Das Flugfeld muss als urbaner Stadtteil verstanden werden. Er verfügt über eine attraktive, moderne Umgebung: S-Bahn, Restaurants und Einkaufsmöglichkeiten sind zu Fuß erreichbar. Neben bester Anbindung an den Bahnhof Böblingen und die Autobahn 81 bietet das Flugfeld eine modern gestaltete Wohnbebauung und weitläufige Grünanlagen. Im Zentrum der Grünen Mitte befindet sich der „Lange See“, eine schöne Joggingstrecke sowie zahlreiche Sport- und Spielflächen und vielfältige Freizeitangebote. Drei Kindertagesstätten, zwei berufliche Schulen, ein Gesundheitszentrum sowie ein Pflege- und Seniorenzentrum runden das soziale Angebot im Stadtquartier ab. Direkt entlang des Langen Sees entsteht aktuell die Seeuferpromenade mit weiteren Wohngebäuden, Büro- und Gastronomieflächen und in der Parkstadt West das Flugfeldklinikum.
Es liegt noch einige Arbeit vor uns.

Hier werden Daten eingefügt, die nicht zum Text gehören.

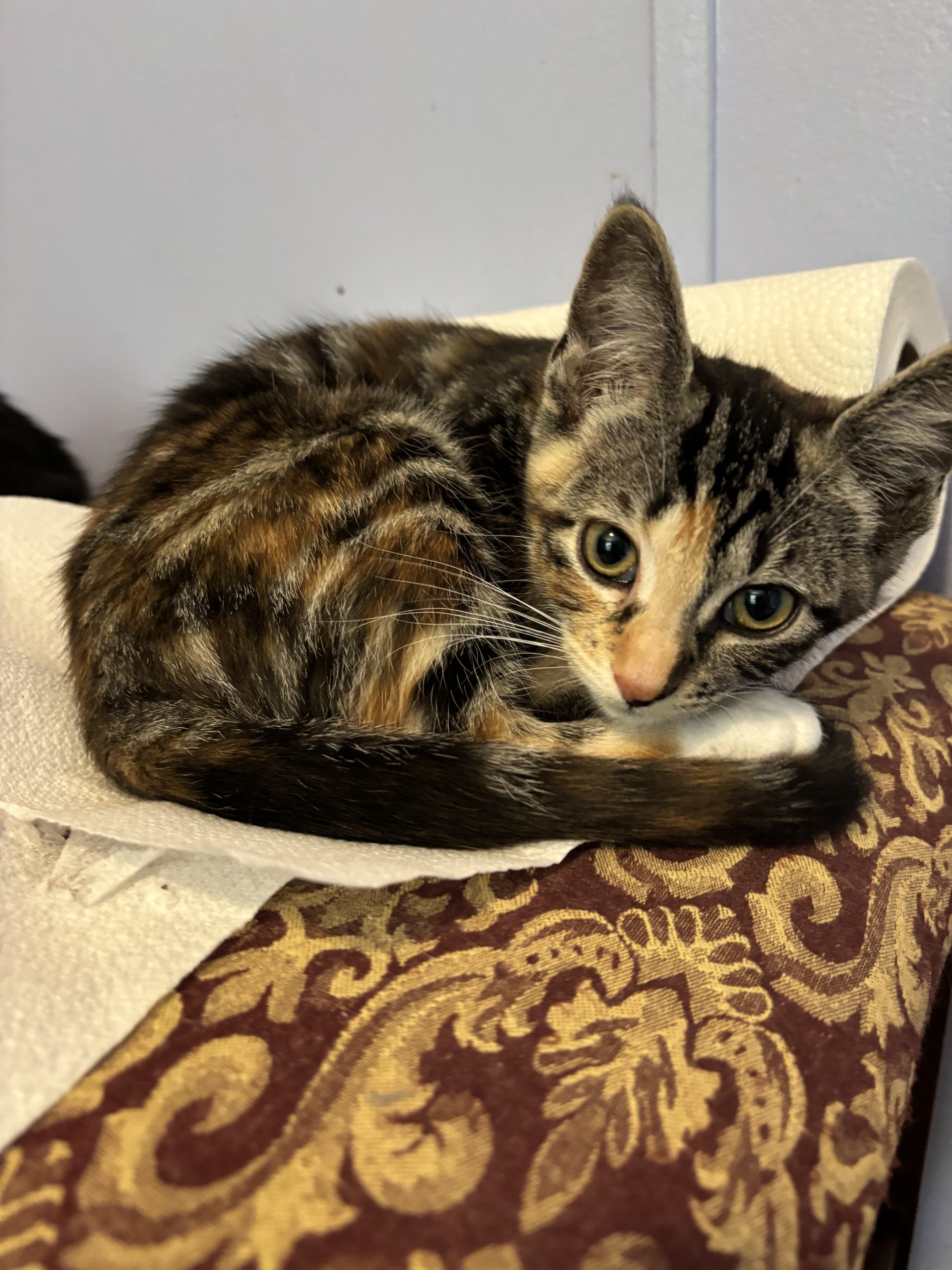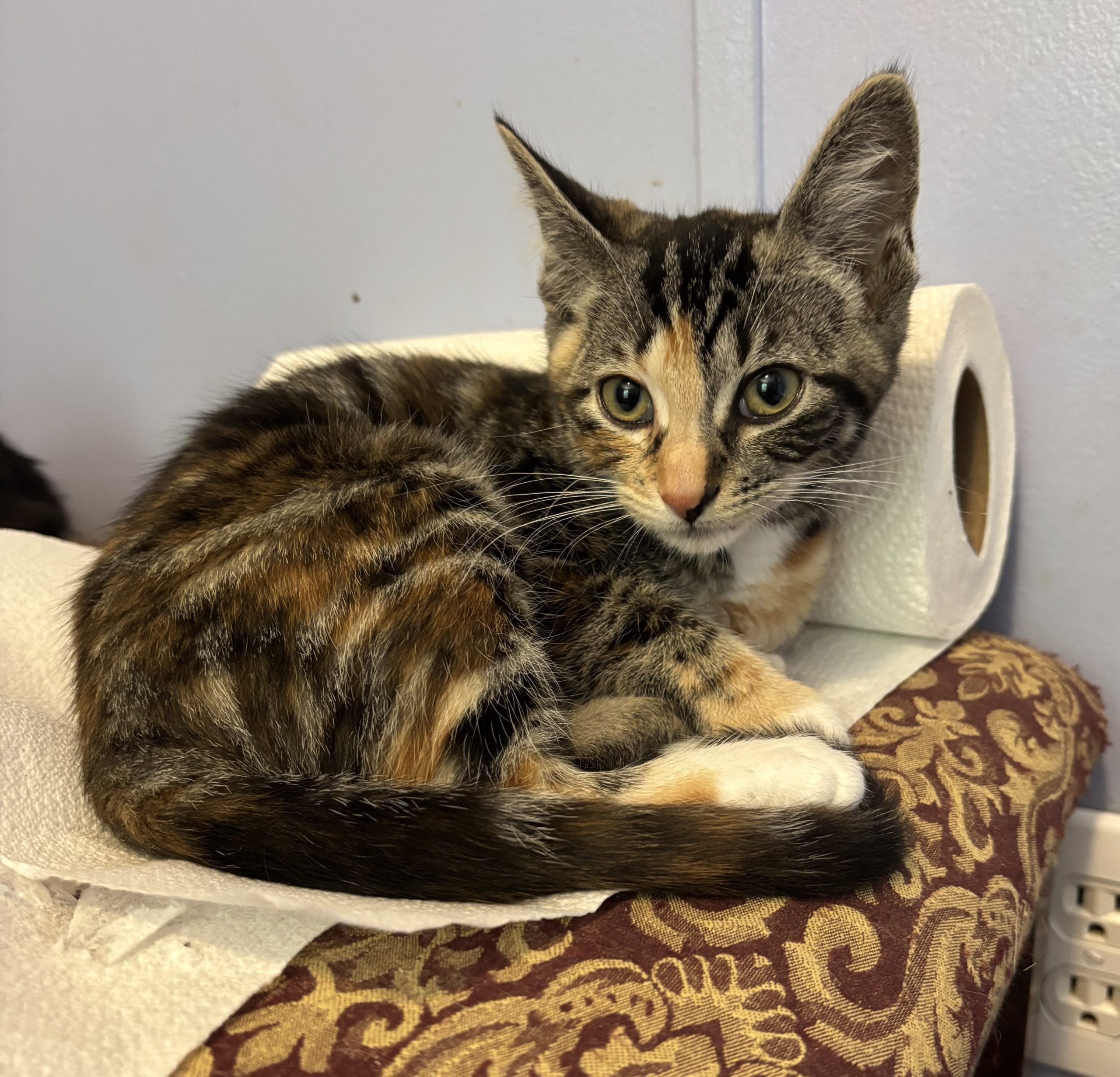 Beautiful Penelope was found as a tiny kitten living in the floor bed of a broken down truck with her siblings. She’s about four months old, very sweet and playful.

Im Zuge der Ertüchtigung der A 81 wird die Mittelinsel an der Flugfeld-Allee umgebaut, die Anschlüsse für die sogenannte Querspange vorbereitet und anschließend gebaut. Die Seeuferpromenade schreitet in ihrer Entwicklung weiter voran. Das „Campus-Areal“ wird nach Fertigstellung des Autobahnausbaus in die Entwicklung gehen.
Wo liegen die meisten Stolpersteine?
Das sind die hohen Investitionskosten in die Infrastruktur zu Beginn des Konversionsprojekts. Der gesamte Boden musste aufwändig von Schadstoffen befreit werden. Mitte der 2000er-Jahre war zudem die Vermarktungslage sehr unsicher aufgrund der globalen Wirtschafts- und Finanzkrise. Auf alle Herausforderungen haben die Städte stets gute Lösungen entwickelt – das hieß aber auch, Durchhaltevermögen zu beweisen. Die Entwicklung des Flugfeldes ist eine außergewöhnliche Projektgröße mit vielen Beteiligten und dadurch bedingte Ziel- und Interessenskonflikte, die wir schrittweise abarbeiten.
In Böblingen entsteht in den nächsten Jahren auf dem rund 14 Hektar großen IBM-Areal ein weiteres, städtebauliches Großprojekt.
Was ist dort geplant?
Das Forschungs- und Entwicklungslabor der IBM wird voraussichtlich Ende 2023 wegziehen. An der südlichen Gemarkungsgrenze von Böblingen eröffnen sich hier wertvolle Potenziale für eine innovative Stadtentwicklung.
Neuer Wohnraum soll entstehen mit guten sozialen und gewerblichen Versorgungsangeboten, die auf dem Neubauareal geplant sind. Darin sehe ich Vorteile für viele – für neu zuziehende Menschen, aber gerade auch für die bisherigen Bewohner*innen der benachbarten Waldsiedlung Rauher Kapf.
Wie sieht es allgemein in Böblingen mit dem Angebot an Wohnbau- und Gewerbeflächen aus?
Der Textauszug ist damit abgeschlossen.